In [1]:
import pandas as pd
from sklearn.model_selection import train_test_split
from sklearn.linear_model import Lasso
from sklearn.impute import SimpleImputer
from sklearn.metrics import mean_squared_error, r2_score
import pickle, os

In [2]:
df = pd.read_csv('../../data/processed/transformed_data.csv')
df.head()

Unnamed: 0,longitude,latitude,housing_median_age,total_rooms,total_bedrooms,population,households,median_income,median_house_value,ocean_proximity
0,-1.327835,1.052548,0.982143,,,,,1.264411,1.140915,NEAR BAY
1,-1.322844,1.043185,-0.607019,1.202953,1.140615,0.871267,1.208457,1.264411,0.839045,NEAR BAY
2,-1.332827,1.038503,1.856182,-1.195101,,,,1.126602,0.814787,NEAR BAY
3,-1.337818,1.038503,1.856182,-1.804267,-2.762127,,-2.842005,0.747298,0.772467,NEAR BAY
4,-1.337818,1.038503,1.856182,-0.874327,-1.507164,,-1.565578,0.026897,0.776062,NEAR BAY


In [3]:
# Numeric feature columns
feature_cols = [
    'longitude', 'latitude', 'housing_median_age', 'total_rooms',
    'total_bedrooms', 'population', 'households', 'median_income'
]
target_col = 'median_house_value'

# Drop rows with missing target
df = df.dropna(subset=[target_col])

# Impute missing numeric features
imputer = SimpleImputer(strategy='median')
X = imputer.fit_transform(df[feature_cols])
y = df[target_col].values

# Save imputer
os.makedirs('../src/imputers', exist_ok=True)
with open('../src/imputers/lasso_imputer.pkl', 'wb') as f:
    pickle.dump(imputer, f)

In [4]:
X_train, X_test, y_train, y_test = train_test_split(
    X, y, test_size=0.2, random_state=42
)

In [5]:
# alpha is the regularization strength (default 1.0)
lasso_model = Lasso(alpha=0.1, max_iter=10000)
lasso_model.fit(X_train, y_train)

print("Lasso Regression trained successfully!")
print("Coefficients:", lasso_model.coef_)
print("Intercept:", lasso_model.intercept_)

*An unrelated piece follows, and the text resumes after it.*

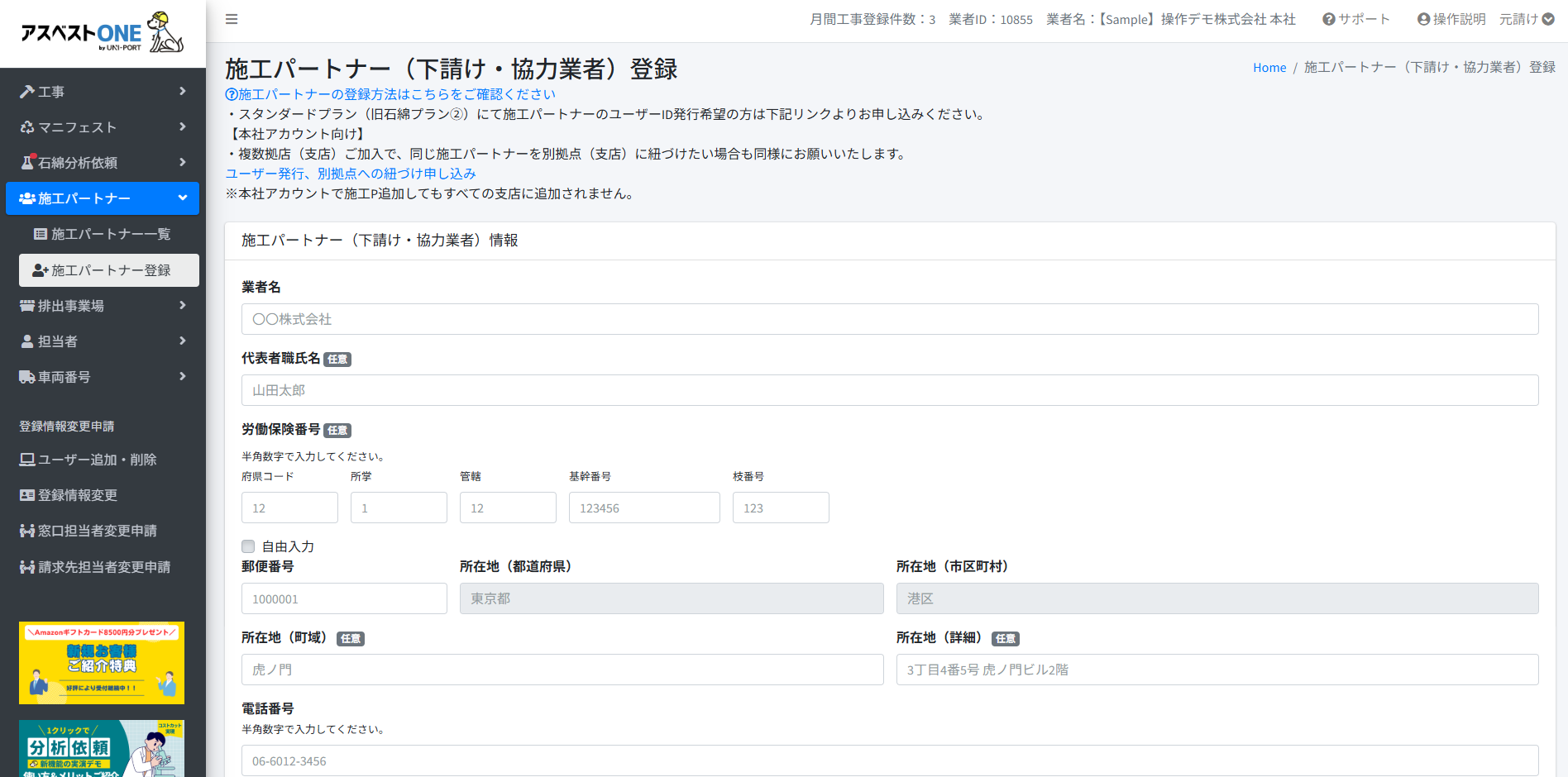 自社施工以外で石綿に関する工事を実施される場合は、あらかじめ施工パートナーの登録が必要です。登録作業は、元請業者様でご対応いただきます。施工パートナー登録は何社でも無料でご利用いただけます。

Lasso Regression trained successfully!
Coefficients: [-0.         -0.01666958  0.03772148  0.          0.         -0.
  0.          0.36402891]
Intercept: -0.2405585844088464


In [6]:
y_pred = lasso_model.predict(X_test)

In [7]:
mse = mean_squared_error(y_test, y_pred)
r2 = r2_score(y_test, y_pred)

print(f"Mean Squared Error: {mse:.2f}")
print(f"R^2 Score: {r2:.2f}")

Mean Squared Error: 1.06
R^2 Score: 0.16


In [8]:
os.makedirs('../src/models', exist_ok=True)
with open('../src/models/lasso_model.pkl', 'wb') as f:
    pickle.dump(lasso_model, f)

print("Lasso Regression model saved successfully!")

Lasso Regression model saved successfully!